Hi everyone,
I’m starting to deploy some CRS326 with dot1x and mab authentication and I realized when I connect a dumb switch (with some hosts on it) to one port configured with dot1x/mab auth, only the first host is authenticated so the others hosts don’t get authenticated and they enter the network without the switch asking the RADIUS server.
Is there any plan to add this functionality in the future?
Not sure if this feature was already asked, didn’t find anything about this.
Thanks
I don’t this is even possible. While I never used it myself, from what I know Dot1x uses MAC address to authenticate clients. This means that your MT sees traffic from all clients connected to a port under a MAC of the dumb switch. The moment a single client behind that switch passes authentication process the port is considered authorized.

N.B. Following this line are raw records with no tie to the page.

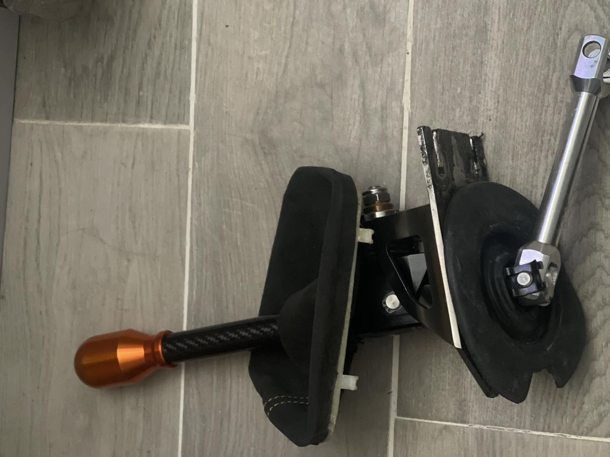 This model you don’t have to modify the center console or any trim pieces. It will come with anodized orange knob with a custom shifter boot and ebrake trim, and a trimmed dust boot for the transmission tunnel.
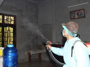 Phun thuốc diệt muỗi tại các hộ gia đình. Ảnh minh họa: Hồ Cầu/TTXVN
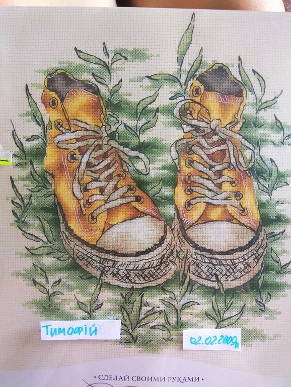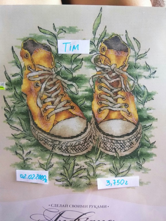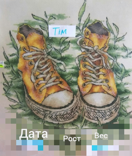 Хочу начать кеды для сына. Но я же изначально увидела в них метрику. Вот и думаю, куда пристроить имя, дату, вес. Внизу и вверху самой вышивки места не будет, канвы там впритык. Как лучше, что думаете?
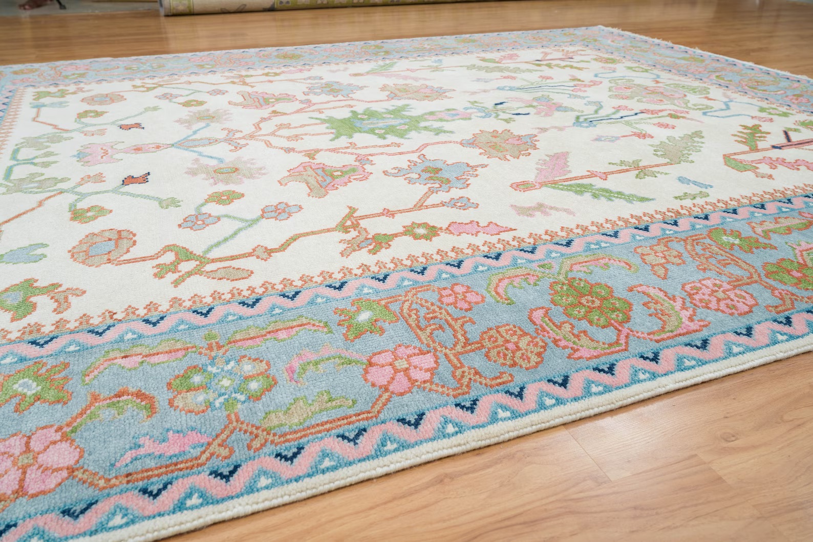 Elegant Hand-Knotted Oushak Area Rug – Traditional Turkish Design, Soft Wool Carpet for
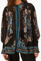 The high neckline and smocked details are a canvas for the intricate tapestry of florals and bees, set against a deep black backdrop. Highlighted by azure touches, this blouse's flowing silhouette promises to transport you to a world of romantic whimsy with every wear.

Are you sure the MT only gets the dumb switch MAC address instead of real devices MAC addresses (do dumb switches even have MAC addresses at all ?) ?
Thinking about IP phones which somehow incorporate a 3 ports switch (one for the LAN, one the phone and one for PC or anything else), I thought you would get proper MAC addresses provided the IP phone was properly configured.
I already asked this feature in list here.
You wrong. It is possible and many smart and managed switches have this possibility. Dumb switch hasn’t MAC.
On Mikrotik you mean ? 
This function exist already very long time on eg. Cisco Catalyst , on a certain port you punch in authentication host-mode multi-auth
Sure there are restrictions, but I have it deployed on a project.